There are remnants of field systems on Kelsey Head also dating back to prehistoric times, but the boundaries which still enclose the three Kelseys today are likely to date from medieval days. There are similar 'cornditches' on Dartmoor, with a sheer stone wall on one side and a gently sloping bank on the other. On Dartmoor these were designed to keep the King's deer out of the fields, with the wall facing outwards to prevent their entering and the internal bank making it possible for them to escape if they did manage to get in.
Holywell Cave can be seen at low tide beneath the southern cliffs of Kelsey Head. Although it seems to be no more than a slit from the beach, on entering the cave it is possible to make out some slimy steps leading up a series of pools to a hole in the roof of the cave. Tinted red and blue, with the edges of the pools encrusted with calcareous deposits formed by water rich in minerals dripping from above, the cave was seized upon by Victorian Romantics as the holy well after which the bay was named. However, it is likely that it is an entirely natural feature, and the real well of Holywell is St Cubert's, midway between the village and the coast, in the Trevornick Valley and on land which is now part of the Holywell Bay Fun Park.

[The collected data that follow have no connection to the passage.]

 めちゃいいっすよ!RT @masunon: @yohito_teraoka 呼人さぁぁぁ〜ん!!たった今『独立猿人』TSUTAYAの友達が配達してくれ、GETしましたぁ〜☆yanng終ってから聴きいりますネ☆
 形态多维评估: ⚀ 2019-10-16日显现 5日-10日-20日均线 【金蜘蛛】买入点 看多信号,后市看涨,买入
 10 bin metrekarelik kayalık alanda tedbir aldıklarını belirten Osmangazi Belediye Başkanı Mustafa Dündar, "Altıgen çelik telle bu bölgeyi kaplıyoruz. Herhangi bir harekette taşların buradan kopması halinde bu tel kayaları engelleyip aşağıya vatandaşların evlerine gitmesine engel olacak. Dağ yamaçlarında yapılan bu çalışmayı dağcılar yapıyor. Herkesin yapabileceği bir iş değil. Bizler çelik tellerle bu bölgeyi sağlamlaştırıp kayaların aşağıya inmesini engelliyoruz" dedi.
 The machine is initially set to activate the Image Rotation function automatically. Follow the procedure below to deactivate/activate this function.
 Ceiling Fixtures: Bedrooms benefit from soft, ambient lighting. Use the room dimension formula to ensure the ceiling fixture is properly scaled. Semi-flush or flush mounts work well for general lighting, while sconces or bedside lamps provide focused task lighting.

Thought to be fourteenth century, Cubert Well is reached via a high Gothic arch set into an ivy-clad perimeter wall. Inside, a series of stepping stones leads across marshland to a granite well house, built into a rocky and overgrown bank. Two sides of the well house are lined with stone seats and there are niches cut into the back well, probably for candles or statues. The well was discovered in a ruined state in 1916 and has been restored by the Newquay Old Cornwall Society.
- Stay with the Coast Path as it leaves the beach and travels through the sand dunes to Holywell.

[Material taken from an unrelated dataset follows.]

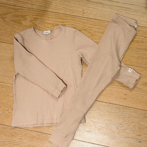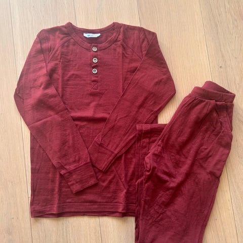 JOHA ullsett str. 130 (128/134) til salgs. 100% Merinoull. Okergul farge. Settet har noen svake skjolder/flekker.

Cornish crime writer W. J. Burley, who was born in Falmouth, lived in Holywell until his death in 2002. Best known for his detective novels featuring Charles Wycliffe, televised in the mid 1990s, Burley won a scholarship to study zoology at Oxford after the Second World War and was Head of Biology at Newquay Grammar School until he retired in 1974, by which time he was well established as a novelist.

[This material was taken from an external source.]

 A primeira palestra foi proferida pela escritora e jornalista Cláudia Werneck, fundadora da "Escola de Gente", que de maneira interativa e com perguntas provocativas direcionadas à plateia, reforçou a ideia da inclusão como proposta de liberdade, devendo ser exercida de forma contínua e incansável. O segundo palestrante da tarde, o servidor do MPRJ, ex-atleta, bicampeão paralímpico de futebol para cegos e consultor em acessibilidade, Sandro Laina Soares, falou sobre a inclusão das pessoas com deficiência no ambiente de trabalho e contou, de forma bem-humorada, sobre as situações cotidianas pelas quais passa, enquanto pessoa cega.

- Approaching Holywell, take one of the paths leading to the left before the houses, bearing left to pass on the seaward side of the golf course, crossing the track at the far end to continue straight ahead, ignoring the path which branches off to the left and dropping gently downhill to the stream.
- Carry on ahead again to cross the track and continue along the footpath over Cubert Common as it goes over the brow of the hill and descends to the track used at the start of the walk.
Originally Eglos Cubert (St Cubert's Church) in Lanowyn (Owen's sacred place), Cubert was named after the Welsh missionary who arrived here with St Carantoc in the sixth century (see the Crantock and Pentire Point Walk). Eventually, having presumably converted the local pagans to Christianity, he latter travelled on to Brittany, but St Cubert returned to Wales and became abbot of his monastery.
On the far south edge of the common is a large round barrow with excellent sea views towards Castle an Dinas to the north east and St Agnes Beacon to the south west. Because of these, it is believed to have been a particularly important burial site in the Bronze Age.
- Turn right on the track to return to Treago Farm and the start of the walk.